## Twitter Models
__ Author: Gabrielle Agrocostea__<br>
__Last updated: March 2016__

This notebook is used to predict twitter impressions based on retweets and followers.
The model is used to initialize, clean data, train, predict and preform cross validation. 

### Model 1: 
The 1st model is built using all 27 properties and by remove top and bottom 10% of retweets and followers. Ridge regression is used with alpha set to 0.1, and R-squared is 0.764 using 90% training and 10% test data. Using an average error threshold  of 60% filters out properties with larger average errors such as CNN, NFL, MTV, BET and InStyle. Performing 5-fold cross validation to find the best alpha for ridge regression yields about the same score with slightly lower average errors.

### Model 2: 
The 2nd model removes properties that had the highest average error (over 60%) and also performs 5-fold cross-validation and searches for best alpha for Ridge regression. The average score on the folds is higher than the 1st model (around 0.82). The largest errors are just at 50% with smaller properties, which leads me to think that maybe we need to build a model for properties such as CNN and MTV and another model for smaller properties.

### Model 3: 
The 3rd model is built using only those properties with the largest errors (over 60%) and the average R-squared error is closer to 0.89, so this model outperforms the other two.

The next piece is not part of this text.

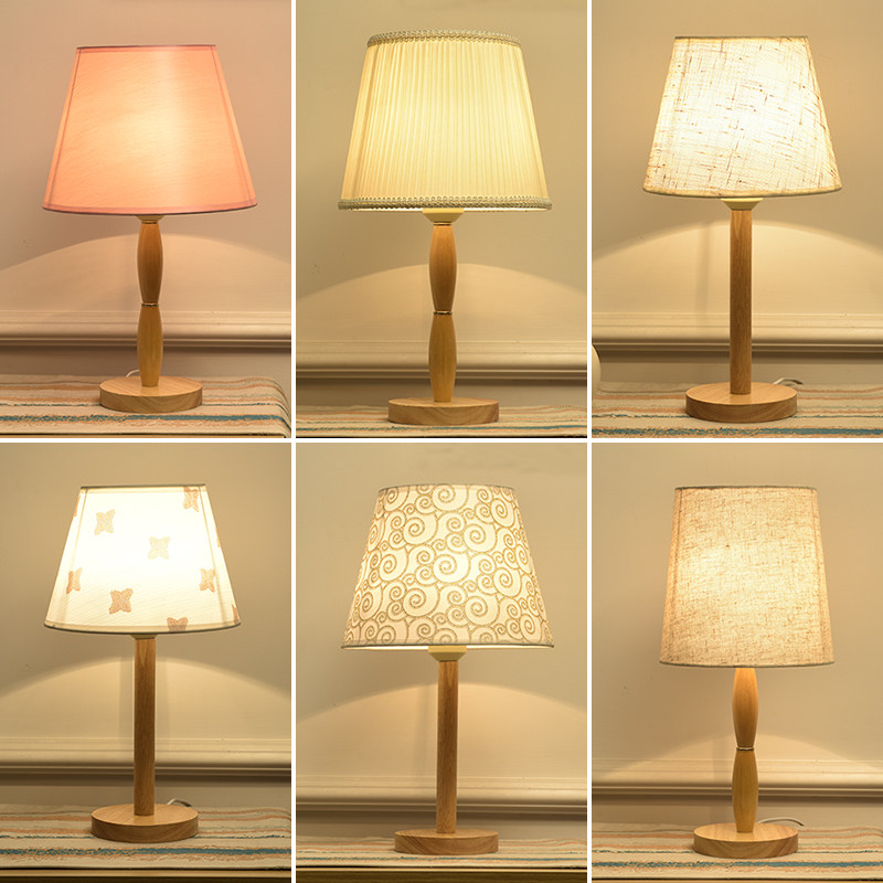 American small table light bedroom solid wood Nordic minimalist modern home room remote control romantic cozy laced headlights

While there are still some properties with large errors, some like CNN do a better job using this model than the 1st model which includes all properties. 

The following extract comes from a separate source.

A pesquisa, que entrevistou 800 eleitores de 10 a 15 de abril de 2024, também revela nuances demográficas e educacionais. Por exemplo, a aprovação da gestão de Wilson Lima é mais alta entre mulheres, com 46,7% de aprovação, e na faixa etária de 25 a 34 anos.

### A bit of documentation on Model class: 
    
The Model class initializes a model with the following attributes:
- Twitter and user data <br>
- Model results: a dataframe to store page_id, followers, retweets, impressions, predicted and percent differences
- rmse score
- n data points
- model (linear regression)

The _clean_ function:
- Removes retweets and impressions above and below the input quantile (this is .10 by default)
- Add weekday as a feature and drop time column

The _train_ function gets randomized training and test data based on percent to train (default is 90%), fits the model and sets the score and predicted values.

The _cross validate_ function takes as input alphas and the number of k-folds to run (default is 5) and performs cross-validation to find the best alpha. It returns the best alpha found based on k-fold cross validation.


In [29]:
class Model:
    '''
    class to build linear regression model to predict impressions based on followers & re-tweets
    '''
    def __init__(self):
        '''
        Initialize model with Twitter data with user data (not used yet)
        Has rmse, r_score, n and model attributes
        '''
        self.tw_data = load_tw_data()
        self.user_data = load_user_data()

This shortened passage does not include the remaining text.